Nazanin Omidi will give a talk at the 171st Acoustical Society of America meeting in Salt Lake City Utah. The meeting will be this upcoming May 2016.
Nazanin Omidi, Cecille Labuda, Charles C. Church. Computation of Ultrasonic Pressure Fields in Feline Brain.
In 1975, Dunn et al. (JASA 58:512-514) showed that a simple relation describes the ultrasonic threshold for cavitation–induced changes in the mammalian brain. The thresholds for tissue damage were estimated for a variety of acoustic parameters in exposed feline brain. The goal of this study was to improve the estimates for acoustic pressures and intensities present in vivo during experimental exposures rather than estimating them using linear theory. In our current project, the acoustic pressure waveforms produced in the brains of anesthetized felines were numerically simulated for a spherically focused, nominally f1-transducer (focal length = 13 cm) at increasing values of the source pressure at frequencies of 1, 3, and 9 MHz.

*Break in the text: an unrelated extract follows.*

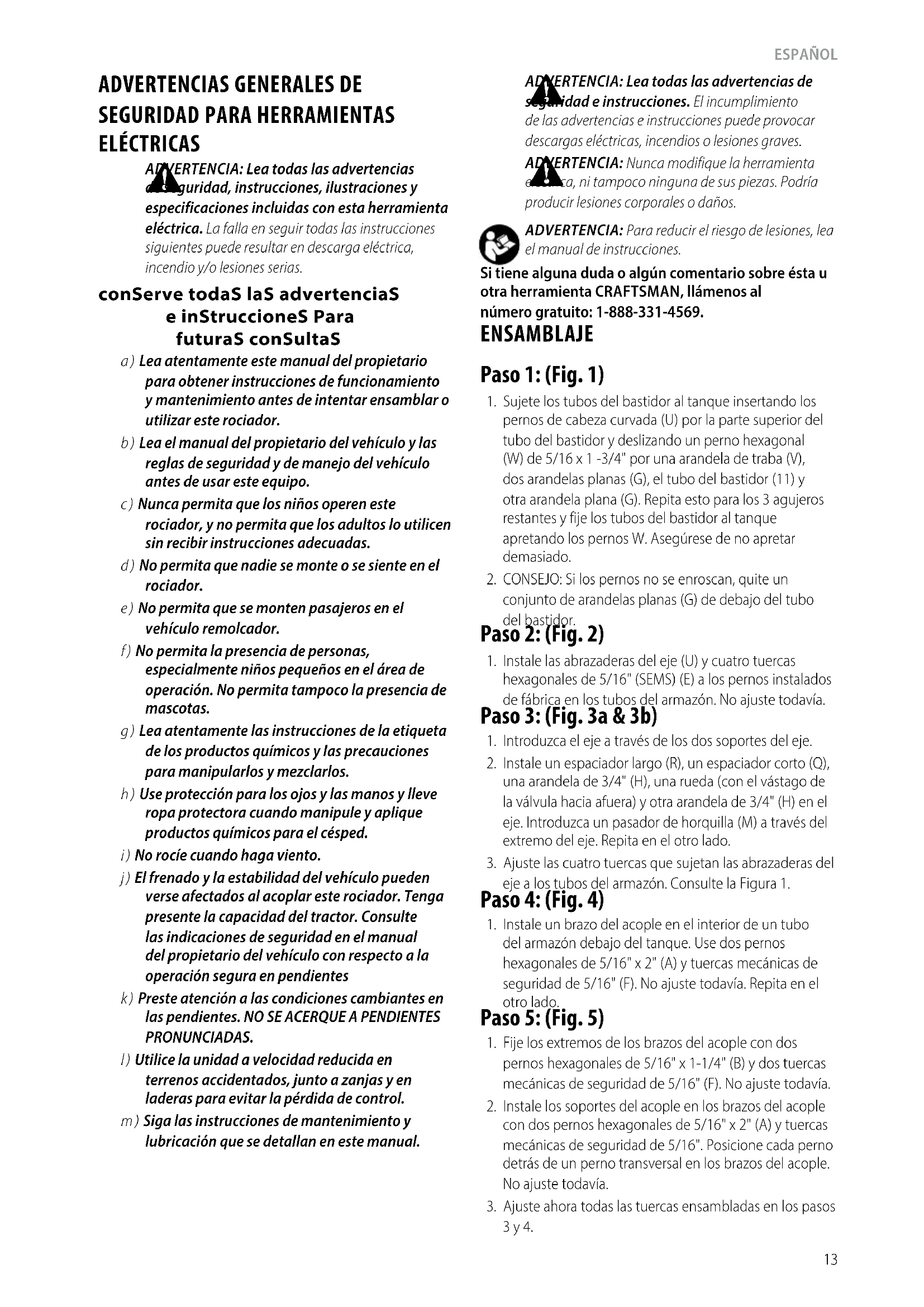 ADVERTENCIA: Nunca modifique la herramienta eléctrica, ni tampoco ninguna de sus piezas. Podría producir lesiones corporales odaños. ADVERTENCIA: Para reducir el riesgo de lesiones, lea el manual deinstrucciones. Si tiene alguna duda o algún comentario sobre ésta u otra herramienta CRAFTSMAN, llámenos al número gratuito: 1-888-331-4569. Paso 2: (Fig. 2)

The corresponding focal intensities were correlated with the experimental data of Dunn et al. The focal pressure waveforms were also computed at the location of the true maximum. For low source pressures, the computed waveforms were the same as those determined using linear theory, and the focal intensities matched experimentally determined values. For higher source pressures, the focal pressure waveforms became increasingly distorted; similar results were obtained with increasing frequency.